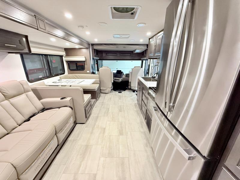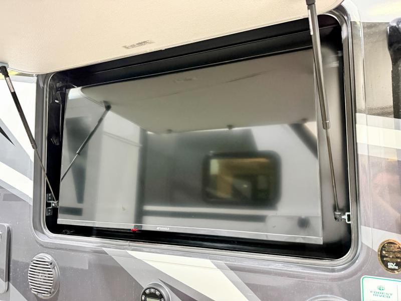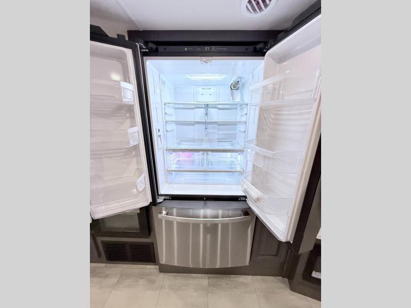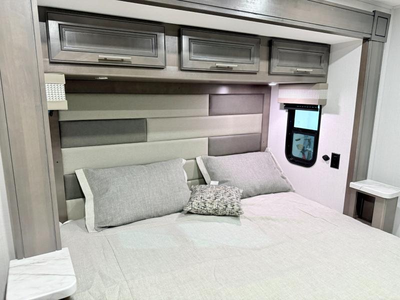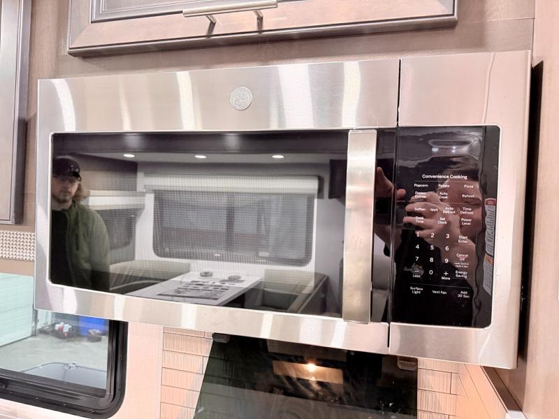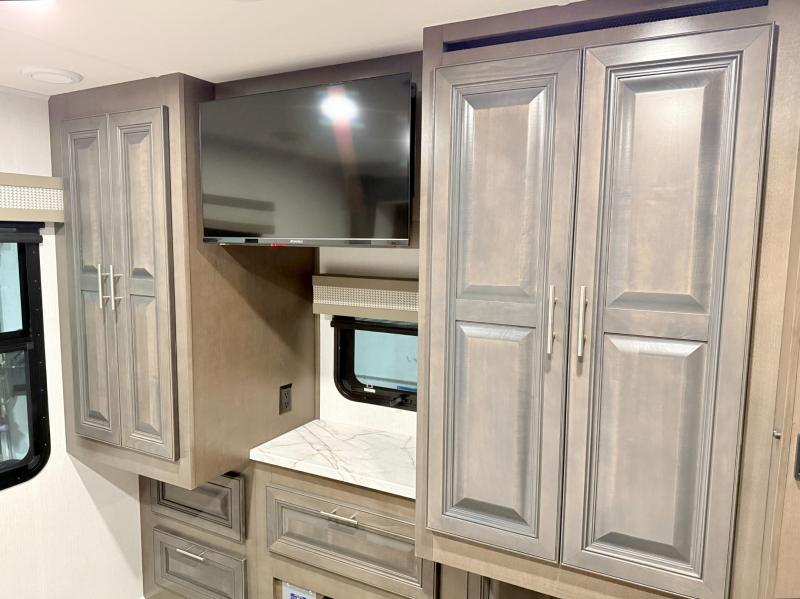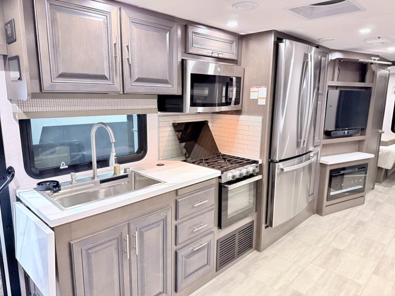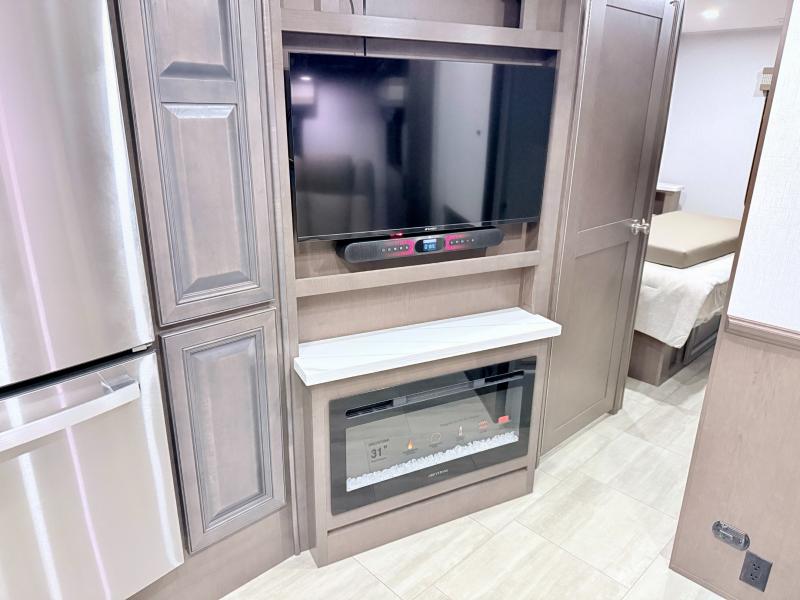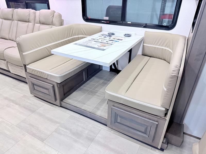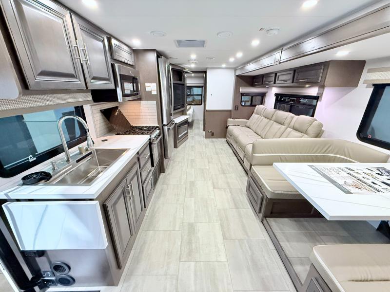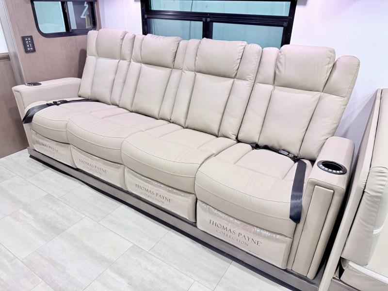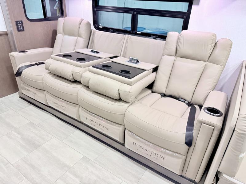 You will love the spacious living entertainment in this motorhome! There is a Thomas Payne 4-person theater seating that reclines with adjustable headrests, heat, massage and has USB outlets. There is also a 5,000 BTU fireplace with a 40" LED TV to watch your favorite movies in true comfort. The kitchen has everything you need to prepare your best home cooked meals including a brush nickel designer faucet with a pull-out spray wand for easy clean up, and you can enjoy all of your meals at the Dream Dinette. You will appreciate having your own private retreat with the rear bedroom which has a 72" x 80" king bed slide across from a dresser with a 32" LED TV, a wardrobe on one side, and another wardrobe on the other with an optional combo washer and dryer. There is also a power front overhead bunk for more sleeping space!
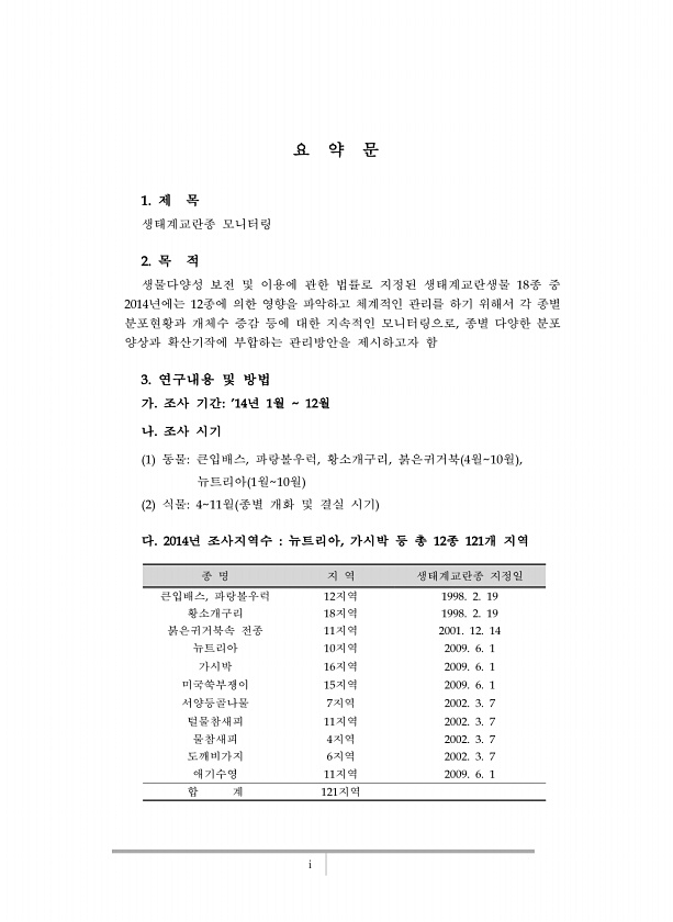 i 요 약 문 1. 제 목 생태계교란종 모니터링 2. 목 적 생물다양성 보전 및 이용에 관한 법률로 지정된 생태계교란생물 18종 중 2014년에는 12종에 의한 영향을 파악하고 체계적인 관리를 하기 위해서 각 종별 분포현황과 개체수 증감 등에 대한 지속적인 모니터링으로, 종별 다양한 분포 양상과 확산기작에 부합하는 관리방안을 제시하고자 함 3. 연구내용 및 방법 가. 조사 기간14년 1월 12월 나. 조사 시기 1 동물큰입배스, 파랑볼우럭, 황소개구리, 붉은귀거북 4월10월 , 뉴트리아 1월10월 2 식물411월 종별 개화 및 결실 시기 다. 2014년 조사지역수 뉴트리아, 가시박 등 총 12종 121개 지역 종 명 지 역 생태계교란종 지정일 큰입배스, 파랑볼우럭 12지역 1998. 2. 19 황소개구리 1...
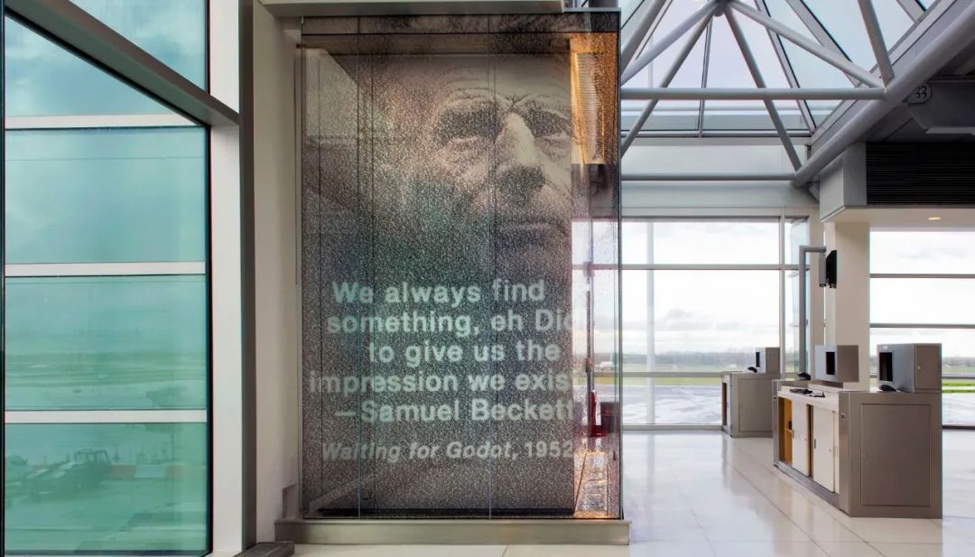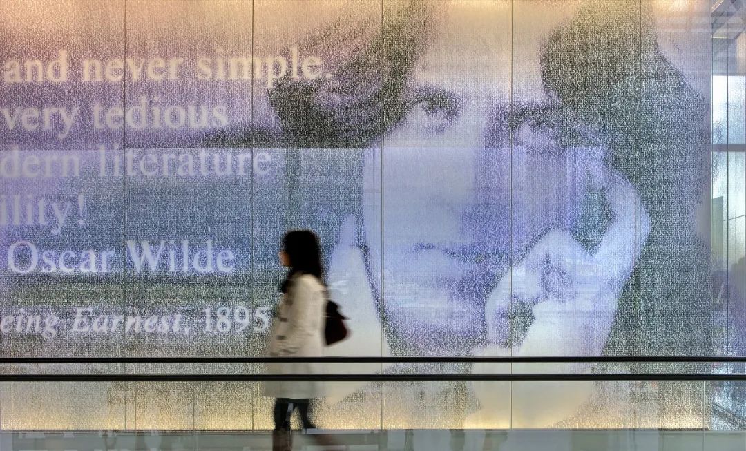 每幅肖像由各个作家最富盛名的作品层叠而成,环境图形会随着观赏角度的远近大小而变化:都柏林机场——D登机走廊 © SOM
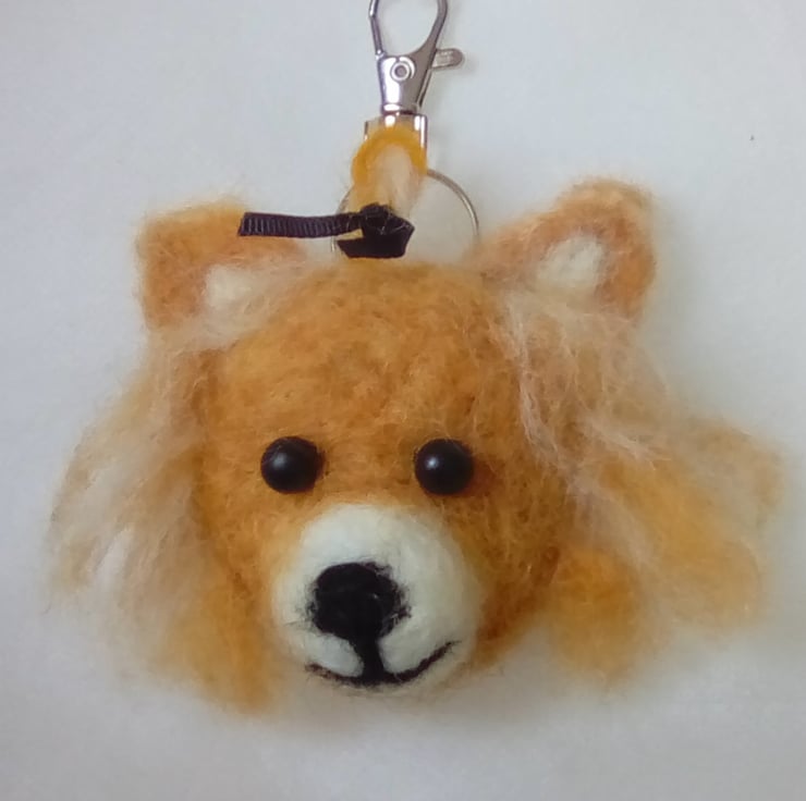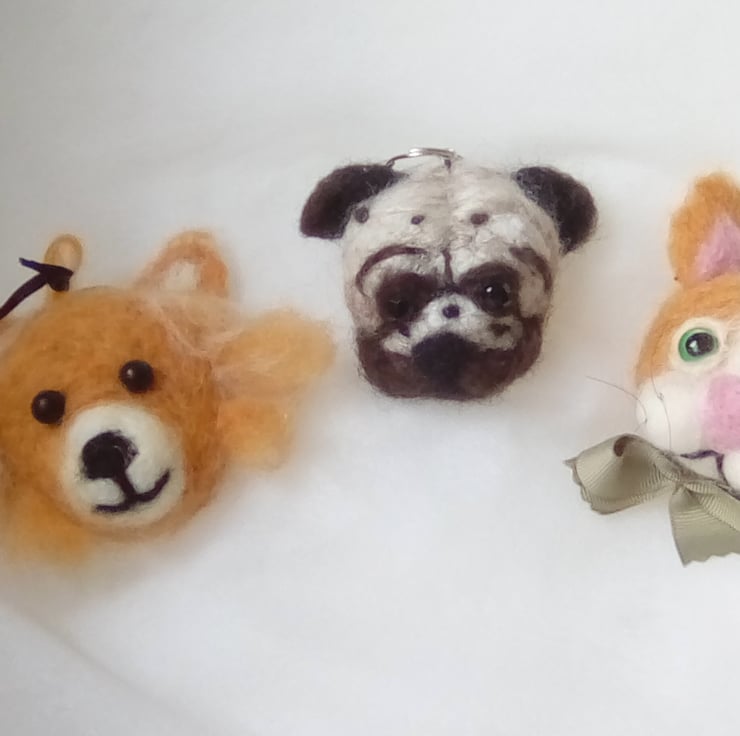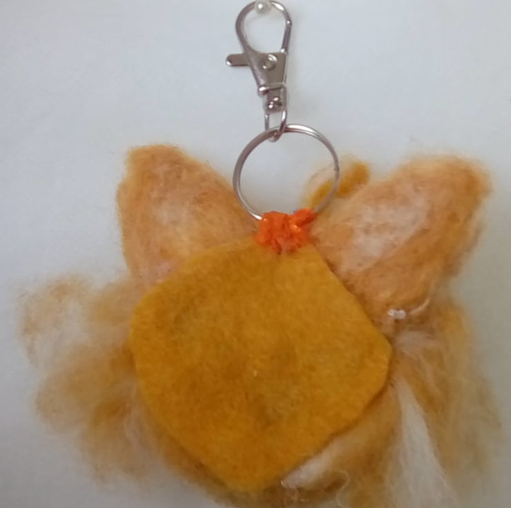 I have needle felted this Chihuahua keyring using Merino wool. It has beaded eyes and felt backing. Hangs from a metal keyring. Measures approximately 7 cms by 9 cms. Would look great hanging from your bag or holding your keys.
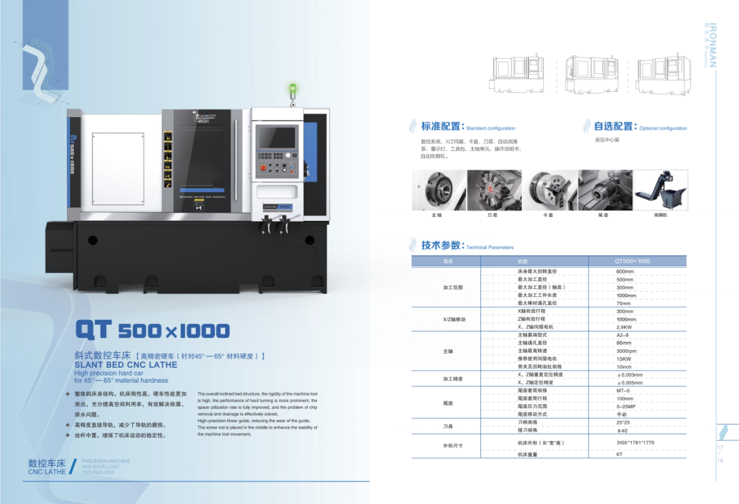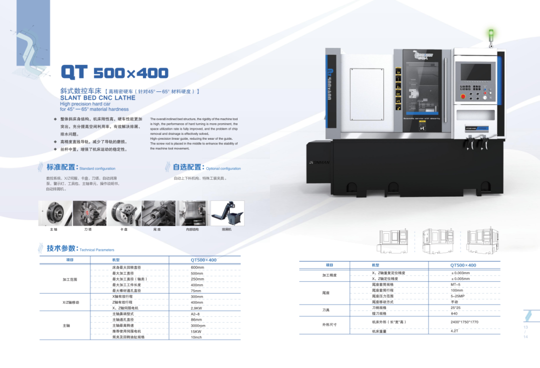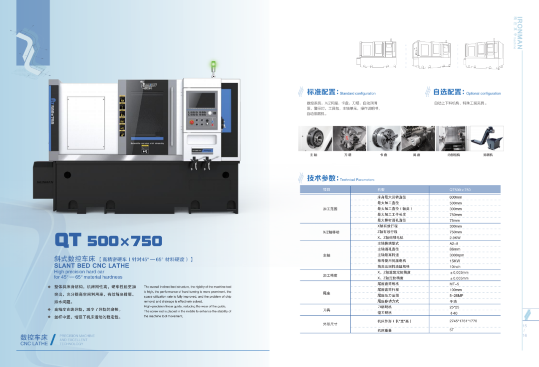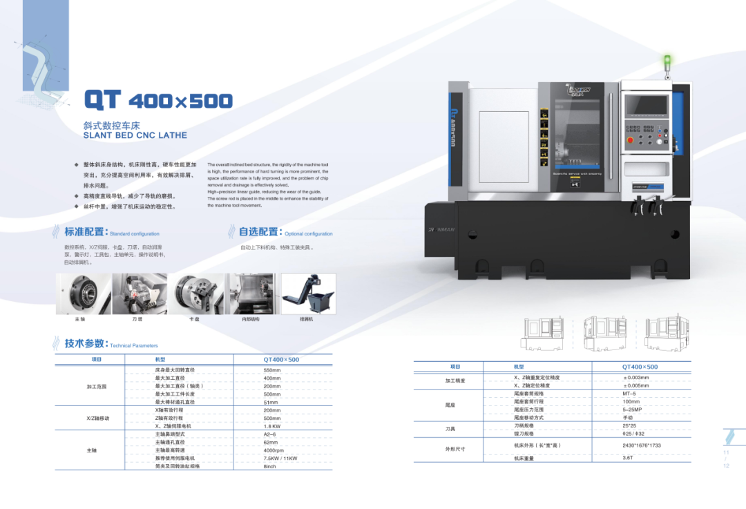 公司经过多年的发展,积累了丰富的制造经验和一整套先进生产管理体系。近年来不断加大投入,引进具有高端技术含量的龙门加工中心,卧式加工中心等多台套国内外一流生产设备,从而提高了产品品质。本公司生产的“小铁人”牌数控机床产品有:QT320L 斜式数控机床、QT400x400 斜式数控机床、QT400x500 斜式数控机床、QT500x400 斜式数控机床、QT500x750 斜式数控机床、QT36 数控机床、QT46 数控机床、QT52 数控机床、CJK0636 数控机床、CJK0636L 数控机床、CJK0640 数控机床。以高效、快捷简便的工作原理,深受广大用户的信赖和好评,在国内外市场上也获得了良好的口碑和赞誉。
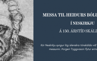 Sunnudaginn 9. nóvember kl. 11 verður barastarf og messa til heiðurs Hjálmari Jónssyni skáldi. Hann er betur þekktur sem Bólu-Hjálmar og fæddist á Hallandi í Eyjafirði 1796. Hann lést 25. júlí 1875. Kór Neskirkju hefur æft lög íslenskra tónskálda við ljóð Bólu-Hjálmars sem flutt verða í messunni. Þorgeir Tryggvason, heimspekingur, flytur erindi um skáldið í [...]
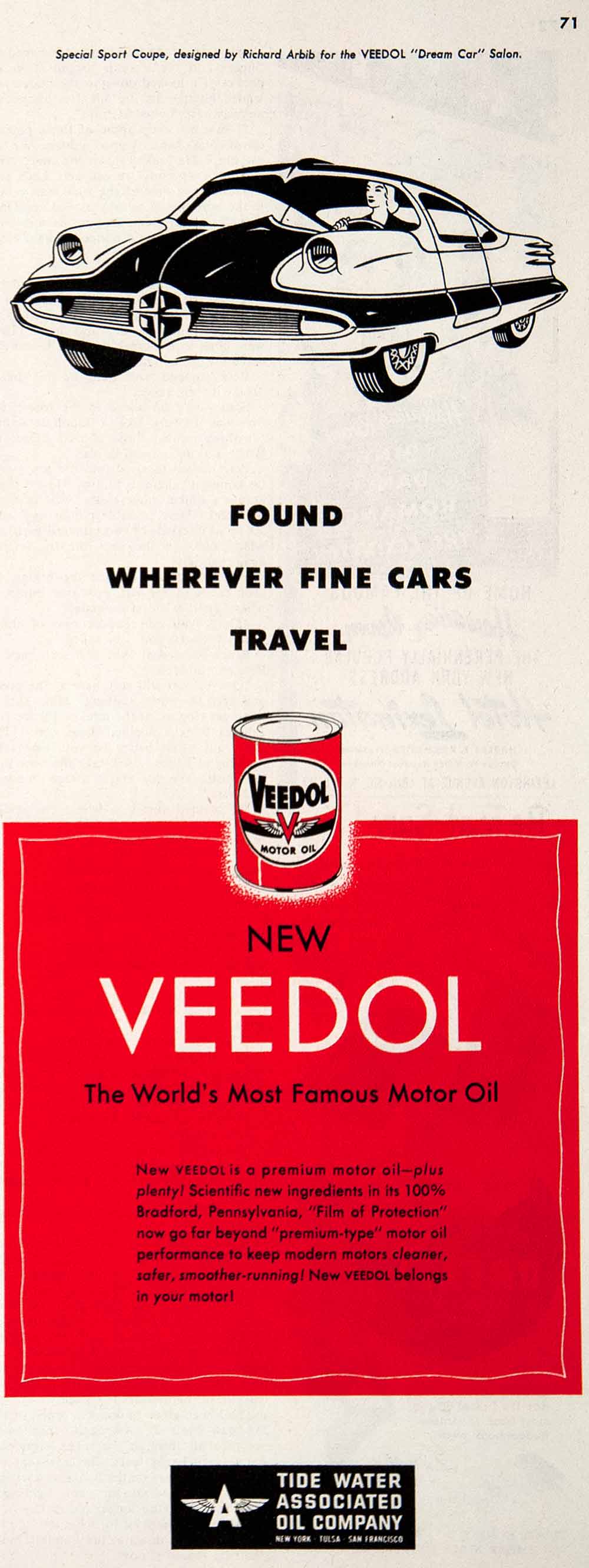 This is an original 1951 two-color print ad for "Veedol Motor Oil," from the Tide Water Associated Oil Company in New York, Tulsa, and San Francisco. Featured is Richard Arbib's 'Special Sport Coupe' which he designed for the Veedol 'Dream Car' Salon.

○ ○ ○ ○ ○

** PROBLEM TO SOLVE **
All lines from the start of the entries above through the line containing "I have needle" are to be given again exactly; the pictures are not.

** REPLY **
 You will love the spacious living entertainment in this motorhome! There is a Thomas Payne 4-person theater seating that reclines with adjustable headrests, heat, massage and has USB outlets. There is also a 5,000 BTU fireplace with a 40" LED TV to watch your favorite movies in true comfort. The kitchen has everything you need to prepare your best home cooked meals including a brush nickel designer faucet with a pull-out spray wand for easy clean up, and you can enjoy all of your meals at the Dream Dinette. You will appreciate having your own private retreat with the rear bedroom which has a 72" x 80" king bed slide across from a dresser with a 32" LED TV, a wardrobe on one side, and another wardrobe on the other with an optional combo washer and dryer. There is also a power front overhead bunk for more sleeping space!
 i 요 약 문 1. 제 목 생태계교란종 모니터링 2. 목 적 생물다양성 보전 및 이용에 관한 법률로 지정된 생태계교란생물 18종 중 2014년에는 12종에 의한 영향을 파악하고 체계적인 관리를 하기 위해서 각 종별 분포현황과 개체수 증감 등에 대한 지속적인 모니터링으로, 종별 다양한 분포 양상과 확산기작에 부합하는 관리방안을 제시하고자 함 3. 연구내용 및 방법 가. 조사 기간14년 1월 12월 나. 조사 시기 1 동물큰입배스, 파랑볼우럭, 황소개구리, 붉은귀거북 4월10월 , 뉴트리아 1월10월 2 식물411월 종별 개화 및 결실 시기 다. 2014년 조사지역수 뉴트리아, 가시박 등 총 12종 121개 지역 종 명 지 역 생태계교란종 지정일 큰입배스, 파랑볼우럭 12지역 1998. 2. 19 황소개구리 1...
 每幅肖像由各个作家最富盛名的作品层叠而成,环境图形会随着观赏角度的远近大小而变化:都柏林机场——D登机走廊 © SOM
 I have needle felted this Chihuahua keyring using Merino wool. It has beaded eyes and felt backing. Hangs from a metal keyring. Measures approximately 7 cms by 9 cms. Would look great hanging from your bag or holding your keys.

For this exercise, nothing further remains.